You may have thousands of internal links on your own website, links from one subpage to another, but these do not count as backlinks. It is exclusively links from other domains that are relevant in this context.

Backlinks are typically divided into two types:

  • Dofollow links: These are the links Google "follows" and allows authority to pass through. They are the most valuable for your SEO.
  • Nofollow links: These instruct search engines not to transfer authority. They can still generate traffic and brand visibility, but they do not directly boost your ranking.

Most link building efforts focus primarily on acquiring dofollow links from relevant, trustworthy websites.
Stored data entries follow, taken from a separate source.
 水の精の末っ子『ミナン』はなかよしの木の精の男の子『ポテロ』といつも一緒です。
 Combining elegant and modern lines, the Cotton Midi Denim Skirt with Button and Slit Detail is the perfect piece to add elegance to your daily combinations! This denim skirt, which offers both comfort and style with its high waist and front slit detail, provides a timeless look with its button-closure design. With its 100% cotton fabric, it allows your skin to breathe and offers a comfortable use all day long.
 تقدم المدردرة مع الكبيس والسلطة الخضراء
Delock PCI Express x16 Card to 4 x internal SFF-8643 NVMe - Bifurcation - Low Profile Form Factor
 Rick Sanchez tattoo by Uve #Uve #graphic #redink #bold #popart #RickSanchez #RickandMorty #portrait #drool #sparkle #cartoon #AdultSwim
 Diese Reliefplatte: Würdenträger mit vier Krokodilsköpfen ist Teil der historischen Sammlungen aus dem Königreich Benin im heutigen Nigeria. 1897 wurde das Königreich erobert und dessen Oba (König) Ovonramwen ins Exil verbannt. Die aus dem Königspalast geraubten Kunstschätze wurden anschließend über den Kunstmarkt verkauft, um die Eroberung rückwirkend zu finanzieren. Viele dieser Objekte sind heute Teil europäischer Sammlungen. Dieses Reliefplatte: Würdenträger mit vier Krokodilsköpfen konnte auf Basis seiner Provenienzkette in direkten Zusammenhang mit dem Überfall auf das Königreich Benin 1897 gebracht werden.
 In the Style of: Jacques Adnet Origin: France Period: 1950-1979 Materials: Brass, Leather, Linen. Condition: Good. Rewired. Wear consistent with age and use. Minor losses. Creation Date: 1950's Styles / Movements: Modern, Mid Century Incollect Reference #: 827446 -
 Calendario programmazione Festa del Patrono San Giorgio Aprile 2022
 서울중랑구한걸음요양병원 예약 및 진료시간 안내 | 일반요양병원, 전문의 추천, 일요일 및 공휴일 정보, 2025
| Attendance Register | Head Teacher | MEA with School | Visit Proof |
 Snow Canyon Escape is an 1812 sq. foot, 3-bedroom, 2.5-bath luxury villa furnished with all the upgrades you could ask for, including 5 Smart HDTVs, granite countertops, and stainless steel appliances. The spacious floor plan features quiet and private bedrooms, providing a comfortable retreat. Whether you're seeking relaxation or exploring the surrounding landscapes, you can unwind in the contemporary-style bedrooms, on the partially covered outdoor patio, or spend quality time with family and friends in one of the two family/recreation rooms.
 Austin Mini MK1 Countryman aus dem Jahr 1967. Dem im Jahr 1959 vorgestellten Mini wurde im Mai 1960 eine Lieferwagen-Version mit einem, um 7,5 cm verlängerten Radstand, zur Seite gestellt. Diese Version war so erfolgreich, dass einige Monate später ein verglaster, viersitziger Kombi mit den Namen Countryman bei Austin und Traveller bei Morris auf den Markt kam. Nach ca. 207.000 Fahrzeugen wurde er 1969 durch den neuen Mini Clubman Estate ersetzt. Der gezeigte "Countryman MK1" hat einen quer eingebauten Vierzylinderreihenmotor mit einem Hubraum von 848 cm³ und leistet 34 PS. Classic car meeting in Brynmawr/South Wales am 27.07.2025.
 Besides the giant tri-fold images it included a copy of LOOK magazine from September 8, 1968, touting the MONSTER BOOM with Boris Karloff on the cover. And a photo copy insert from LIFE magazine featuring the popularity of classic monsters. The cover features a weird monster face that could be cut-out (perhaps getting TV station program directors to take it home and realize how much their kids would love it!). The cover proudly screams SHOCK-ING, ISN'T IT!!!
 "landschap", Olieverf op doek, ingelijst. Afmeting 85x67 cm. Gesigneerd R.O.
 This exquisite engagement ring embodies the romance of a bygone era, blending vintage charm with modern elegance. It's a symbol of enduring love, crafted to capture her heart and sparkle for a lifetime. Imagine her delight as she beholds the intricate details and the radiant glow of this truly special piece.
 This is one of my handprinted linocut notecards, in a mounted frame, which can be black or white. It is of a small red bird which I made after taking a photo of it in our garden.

Google's algorithm is constantly evolving, but links have been one of the primary ranking factors since the search engine's inception. The idea originates from academic citations: the more often a scientific paper is cited by others, the more credible it is considered to be. Google transferred this logic to the internet.

According to an analysis by Backlinko, websites on Google's first page have on average 3.8 times more backlinks than websites on page two. That is a considerable difference, underscoring the importance of links.

Google itself confirms that links remain among the top three ranking factors, alongside content and user experience (Core Web Vitals). It is no secret, and it is not about to change.

The important thing to understand is that Google does not simply count the number of links. The algorithm evaluates the quality of the pages linking to you. A single link from a large, well-respected news site can be worth more than a hundred links from random blogs with no readers.

Not all links are created equal. Here are the most important factors that determine whether a link is worth acquiring:

Domain Authority (DA) and Domain Rating (DR)

These are metrics created by Moz and Ahrefs respectively to estimate a website's overall authority on a scale from 0 to 100. The higher the DA or DR, the more "link juice" the link transfers to you. A link from a website with DA 60 is typically far more valuable than five links from sites with DA 10.

Relevance

Google places great emphasis on whether the website linking to you is relevant to your field. If you run a webshop selling running equipment, a link from a running blog is more valuable than a link from a recipe website, even if the recipe website has a higher DA. Relevance is crucial.

Anchor text

The anchor text is the visible, clickable text in a link. If it contains natural, relevant keywords, it sends a positive signal to Google. However, you should avoid over-optimising — if all your links have exactly the same keyword-rich anchor text, it can appear manipulative and trigger a penalty.

Placement on the page

A link in the body text in the middle of an article carries more weight than a link in a footer or sidebar. Google considers contextual links within relevant content to be more editorially justified and assigns them greater weight.

The website's organic traffic

A website with genuine organic traffic — visitors who find the site through searches — is a sign that Google already trusts the site. Links from sites with documented traffic are more valuable than links from sites that were simply created for link building purposes and are never visited.

The most common types of link building

There are many paths to a link. Here are the most commonly used methods:

Guest blog posts

You write a relevant, valuable blog post for an external website, and in return a link to your website is included in the post. This method is one of the most effective and accepted forms of link building, provided the content is genuinely good and relevant to the readers of the host site.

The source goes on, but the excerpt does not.